Les logiciels d’accès à distance permettent à une tierce personne de voir ou de contrôler votre appareil depuis n’importe quel endroit dans le monde. Ils ont des usages légitimes : les équipes informatiques les utilisent pour dépanner des ordinateurs sans être sur place. Mais confier ce contrôle à la mauvaise personne est l’un des moyens les plus rapides de perdre l’accès à vos comptes et à vos crypto-monnaies.

Les escroqueries à l’accès à distance figurent désormais parmi les attaques les plus efficaces contre les détenteurs de crypto-monnaies, car elles transforment votre propre appareil de confiance en un outil utilisé contre vous. Kraken ne vous demandera jamais d’installer un logiciel d’accès à distance, et aucune banque, plateforme d’échange ou agence gouvernementale légitime ne vous contactera à l’improviste pour vous le demander.

Un logiciel d’accès à distance arrive sur votre appareil de trois manières : vous l’installez délibérément pour une raison légitime, vous êtes convaincu de l’installer par quelqu’un qui a l’intention de vous voler, ou il est installé à votre insu. Cet article aborde ces trois cas.
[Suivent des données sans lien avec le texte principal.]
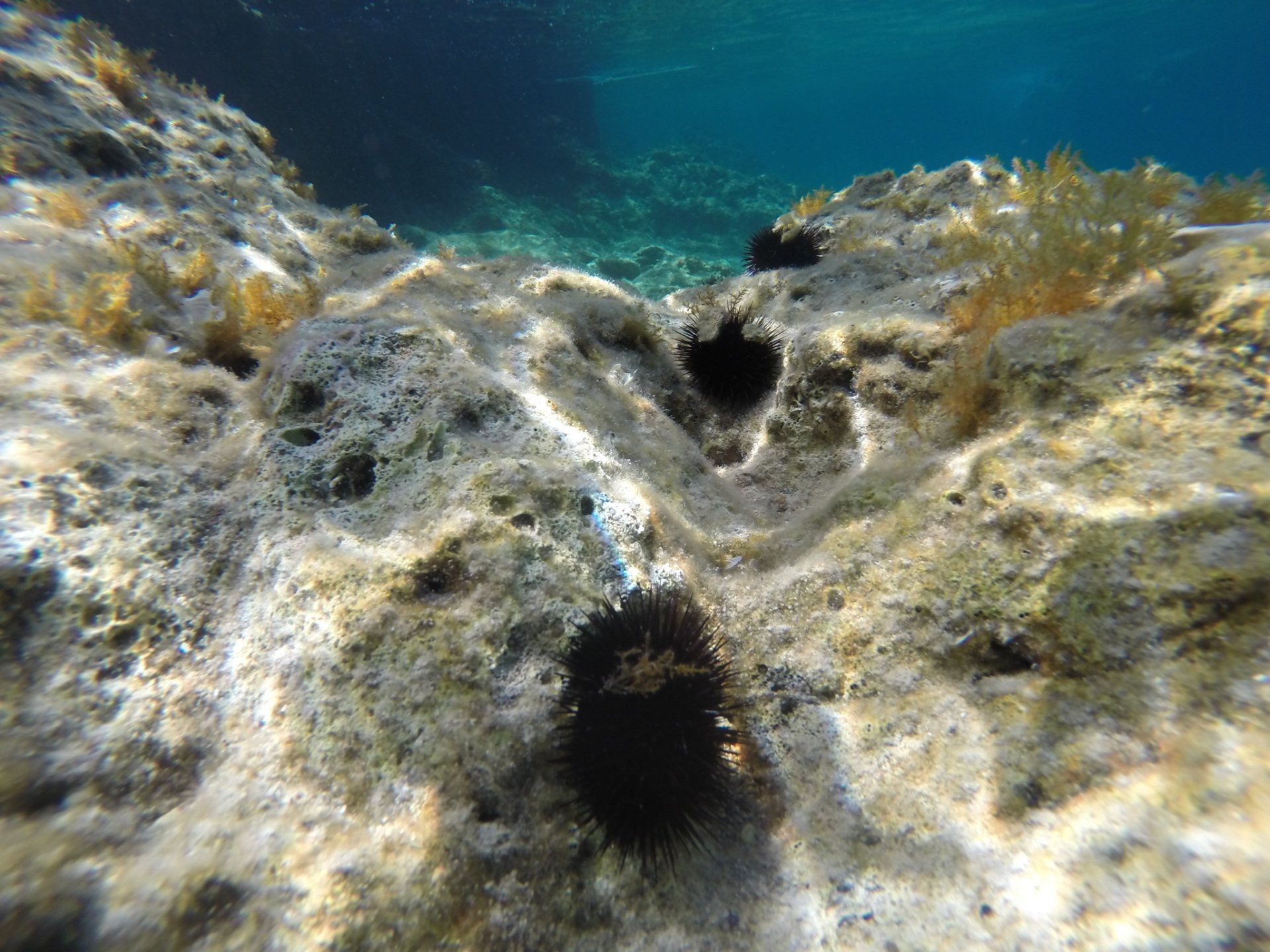Eines Nachtmittags machten wir uns auf, um den kleinen Hügel auf der gegenüberliegenden Straßenseite zu erklimmen. Von dort hatten wir einen phantastischen Blick auf die Bucht und konnten ungestört unsere Drohne steigen lassen.

Trois éléments différents sont souvent regroupés sous le même nom, et les différences sont importantes :

Le partage d’écran permet à une autre personne de voir votre écran en temps réel. Des outils comme Zoom, Microsoft Teams et Google Meet proposent cette fonctionnalité. Ils ne peuvent pas contrôler votre appareil, mais la personne qui regarde peut lire tout ce que vous affichez — y compris les mots de passe au fur et à mesure que vous les saisissez, les codes à usage unique dès qu’ils arrivent et une phrase de récupération si vous ouvrez la sauvegarde de votre portefeuille.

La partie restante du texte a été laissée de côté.